### DATA BELOW

======

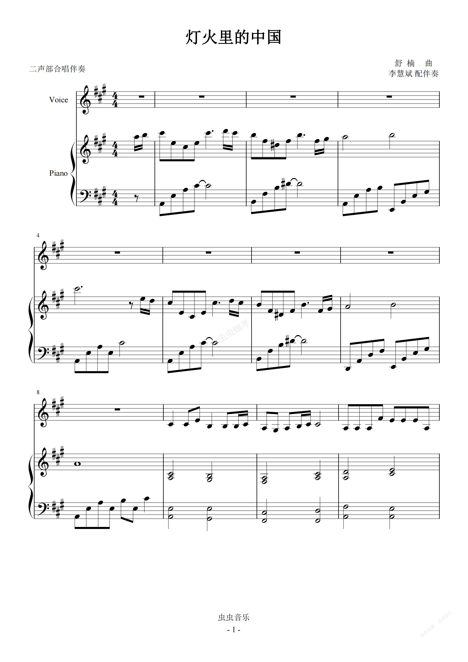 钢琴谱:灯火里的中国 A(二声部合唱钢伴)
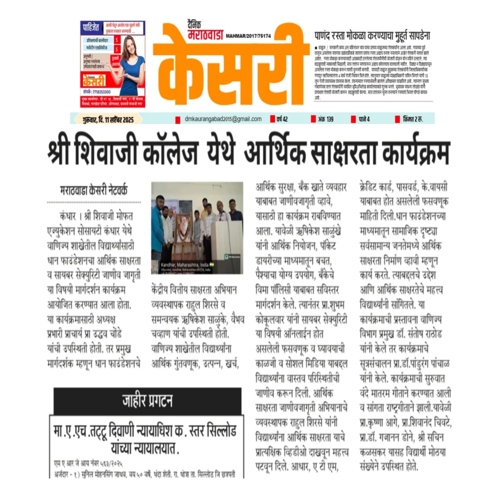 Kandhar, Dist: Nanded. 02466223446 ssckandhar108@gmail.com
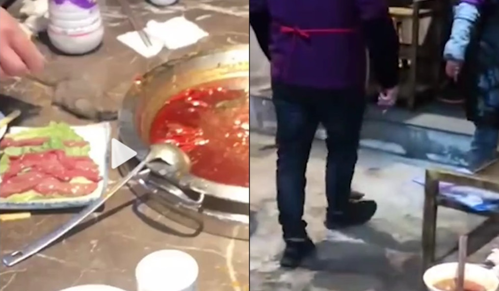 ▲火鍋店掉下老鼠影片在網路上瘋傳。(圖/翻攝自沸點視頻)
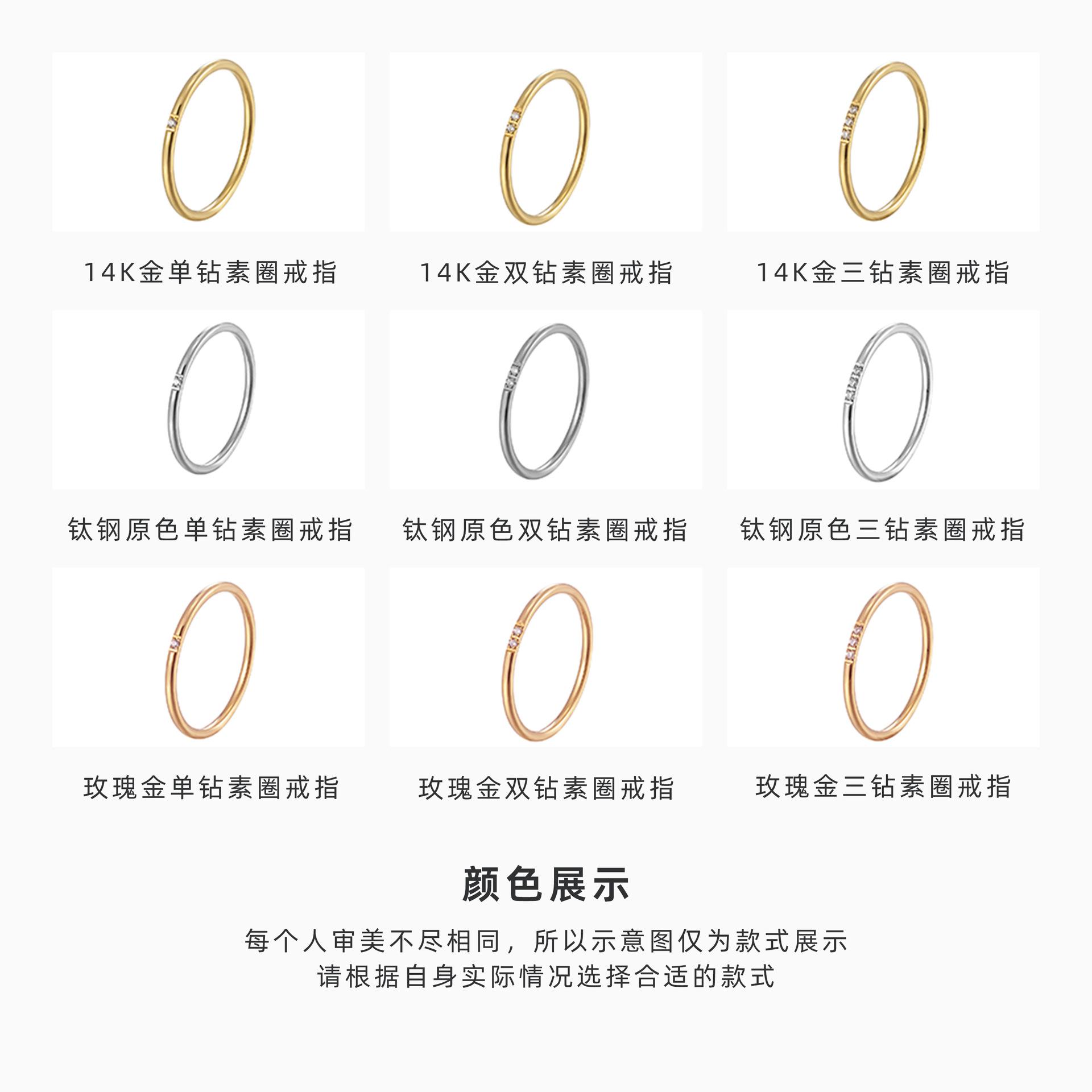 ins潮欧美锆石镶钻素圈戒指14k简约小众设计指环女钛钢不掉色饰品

======

### YOUR INSTRUCTIONS
Would you copy out the data exactly, leaving every picture out?

### YOUR SOLUTION
 钢琴谱:灯火里的中国 A(二声部合唱钢伴)
 Kandhar, Dist: Nanded. 02466223446 ssckandhar108@gmail.com
 ▲火鍋店掉下老鼠影片在網路上瘋傳。(圖/翻攝自沸點視頻)
 ins潮欧美锆石镶钻素圈戒指14k简约小众设计指环女钛钢不掉色饰品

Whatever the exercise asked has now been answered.